Sandy Pond sacrifice

Would industry be as quick to use natural ponds as tailings impoundments if they had to pay full market value?

I remember when Provincial Parks gave out the excellent “Trees and Shrubs of Newfoundland” for free to any park visitor. This wonderful little book, written and illustrated by Glen Ryan, provides an easily understood introduction to plant identification. Yet, because it was free, recipients gave the book little value. It was not unusual for me to see abandoned copies littering campsites or partially burned in fire pits. Once a nominal fee of five dollars was charged for the book, this abuse disappeared. No one was going to pay for a book and then throw it away. The book never changed – just people’s appreciation of its value.

Court challenge failed

Recently, the Sandy Pond Alliance to Protect Canadian Waters lost its court case in the Supreme Court of Canada. The alliance, comprised of groups like the Sierra Club of Canada, the Council of Canadians and the Natural History Society of Newfoundland and Labrador, is opposed to the use of natural ponds and lakes as tailings impoundments.

Mines use a lot of water. In the past, mining companies were required to construct artificial impoundments to catch and hold this water, which – everyone admits – is contaminated. In 2002, however, the Government of Canada amended the Fisheries Act to allow companies to use natural ponds and lakes (you will hear this amendment called “Schedule 2” or the “Metal Mining Effluent Regulation”). It should come as no surprise that our Province was the first in line to apply this amendment. Now that the “dam has broke” (sorry), mining companies across Canada are lining up for permission to use natural bodies of water. Some sources report that 20 ponds and lakes are under threat.

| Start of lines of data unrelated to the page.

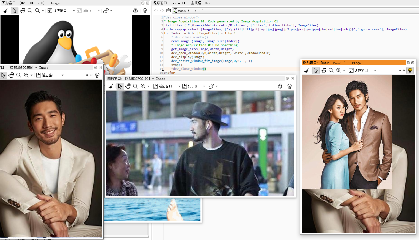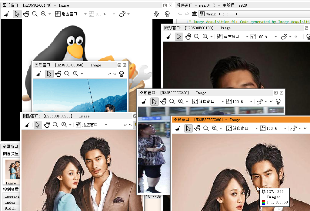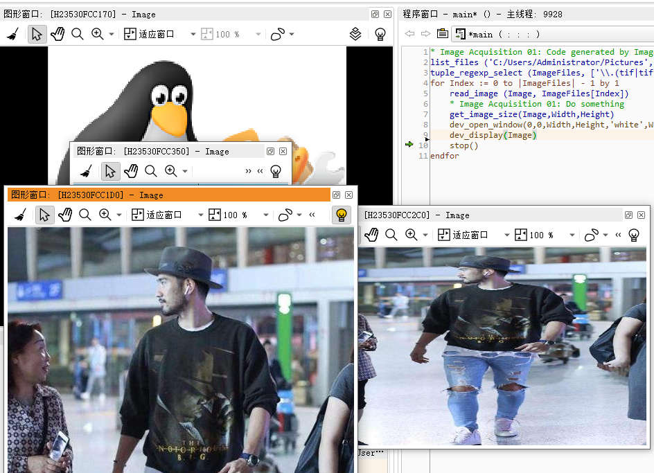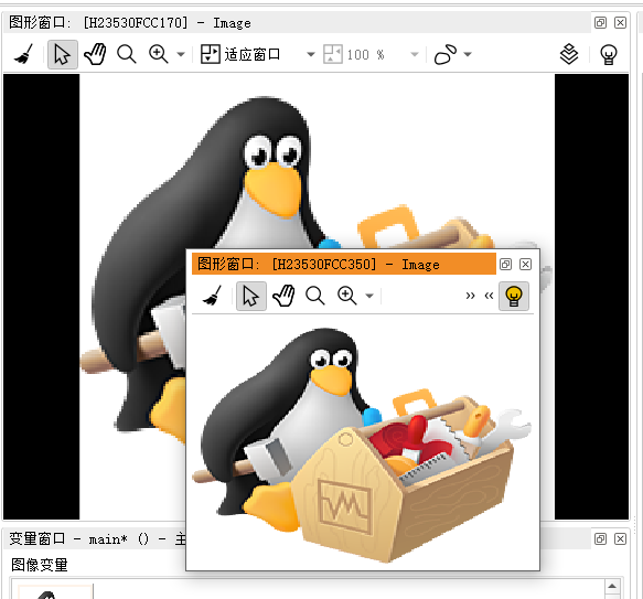 第一幅那个企鹅被固定在了左上角图像窗口中,因为是第一个窗口(默认位置就是这里),没有问题!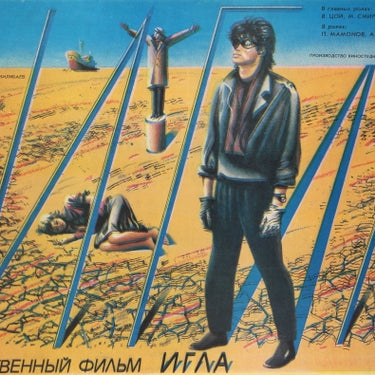 Original vintage movie poster for a Soviet thriller film The Needle (Игла / Igla) directed by Rashid Nugmanov and starring the Soviet rock musician from the band Kino Viktor Tsoi (Viktor Robertovich Tsoy; 1962-1990) as the main character Moro and Marina Smirnova as his drug addicted girlfriend Dina; one of Kazakhstan's first new wave films. Colourful artwork featuring the character Moro wearing fashionable 1980s clothing and sunglasses with gloves, standing under a scorching desert sun with a lady lying down and man sitting on the cracked dry earth behind him, a statue and shipwreck visible in the background and the title text in tall blue letters in the foreground, the letter L stretched out as the shadow of Moro. Horizontal. Good condition, printing defect resulting in slight doubling of image, creases in margins.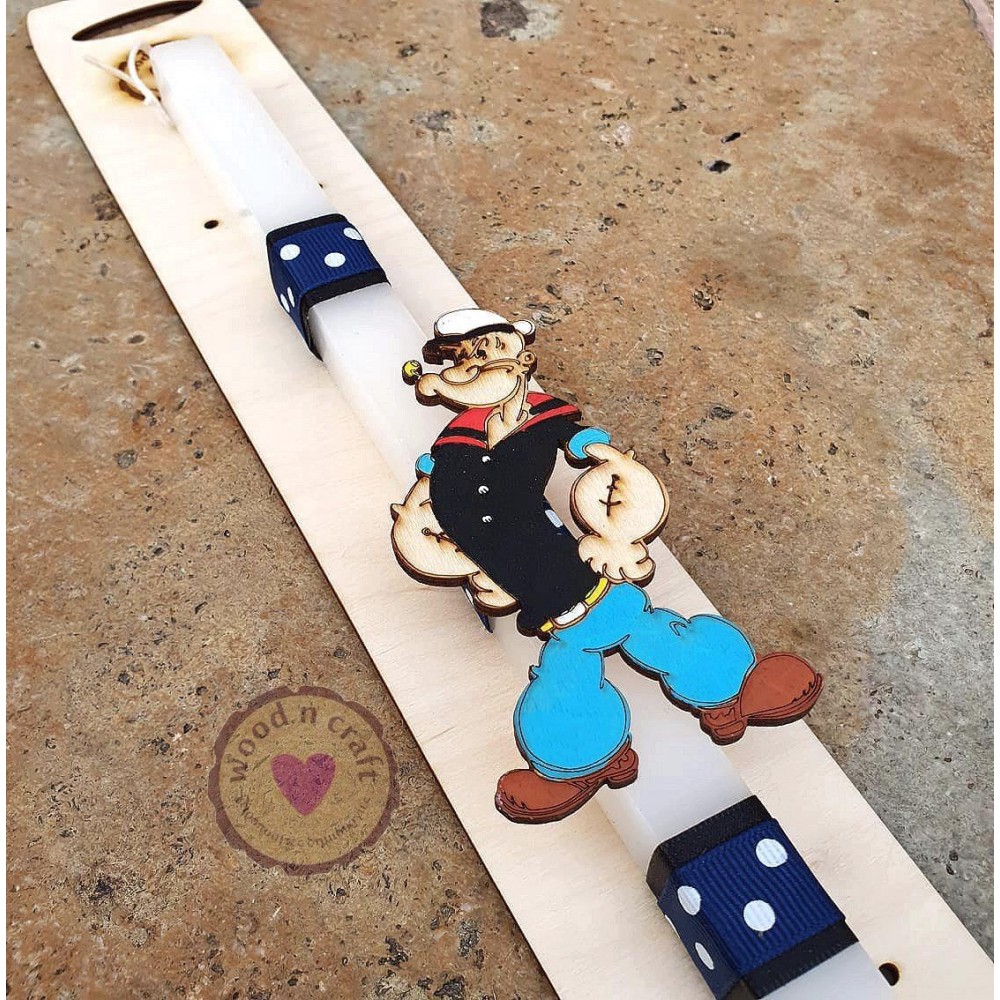 Πρωτότυπη χειροποίητη πασχαλινή λαμπάδα διακοσμημένη με ξύλινη φιγούρα Ποπάυ!
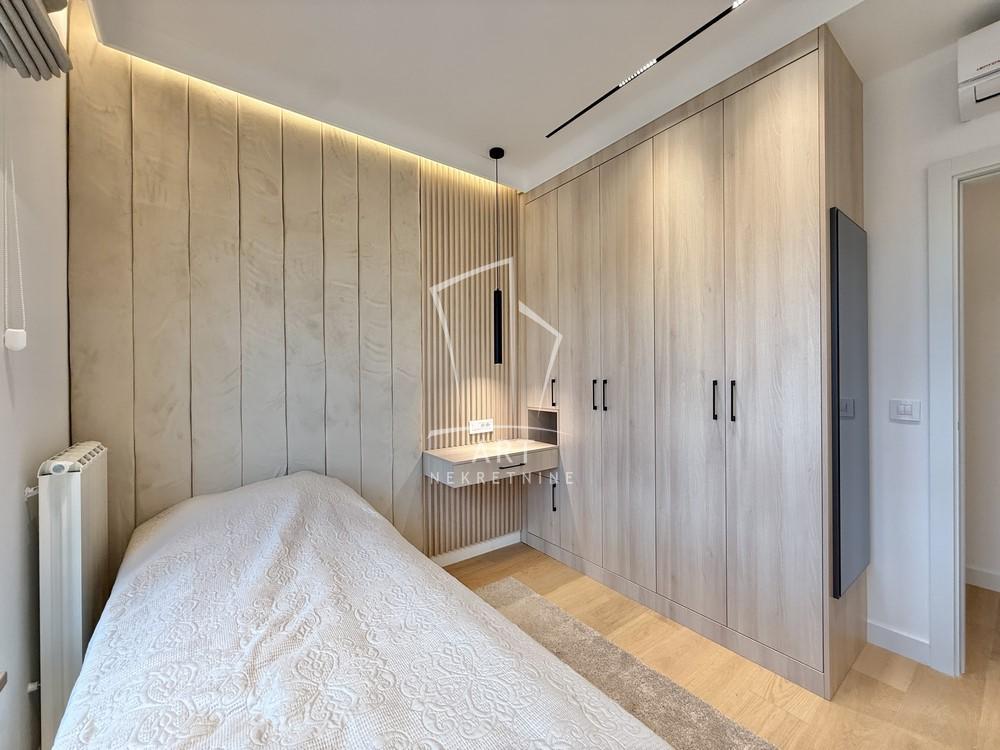 Od prostorija poseduje dnevni boravak sa kuhinjsko-trpezarijskim delom, dve spavaće sobe, dva kupatila, vešernicu, terasu.,.Oba kreveta i u jednoj i u drugoj spavaćoj sobi mogu da se izvlače.

Artificial tailings ponds can also be an environmental liability

The appeal for industry is obvious. Some believe that using natural bodies of water is actually safer because lakes and ponds “do not leak, compared to the manmade structure…” The first part of this statement leaves me scratching my head – very little in the natural world is completely unconnected with anything else. But I certainly agree with the second part. Artificial tailings ponds do break, and we don’t have to look far for an example. In December 2012, a dam associated with the tailings pond for the abandoned Gullbridge mine site near South Brook broke. South Brook’s water supply was threatened and residents were forced to rely on bottled water. Thankfully, no contamination has been detected. Millions of dollars in taxpayers’ money is required to fix the problem since the Gullbridge mine is considered an “orphaned mine” (e.g. no company is being held responsible).

Money is the bottom line

Industry advocates stress that environmental safety is the primary goal. I find this disingenuous at best. In the Sandy Pond case, reports put the price tag of an artificial tailings pond at $490 million while the use of Sandy Pond would cost $62 million. That gives industry 430 million reasons to dump hundreds of thousands of tonnes of mining reside in the Pond. If it cost more to use natural bodies of water, we wouldn’t be having this debate. This is not a blanket tirade against mining. The industry is essential to our economy and way of life. It just seems to me that there must be a better way.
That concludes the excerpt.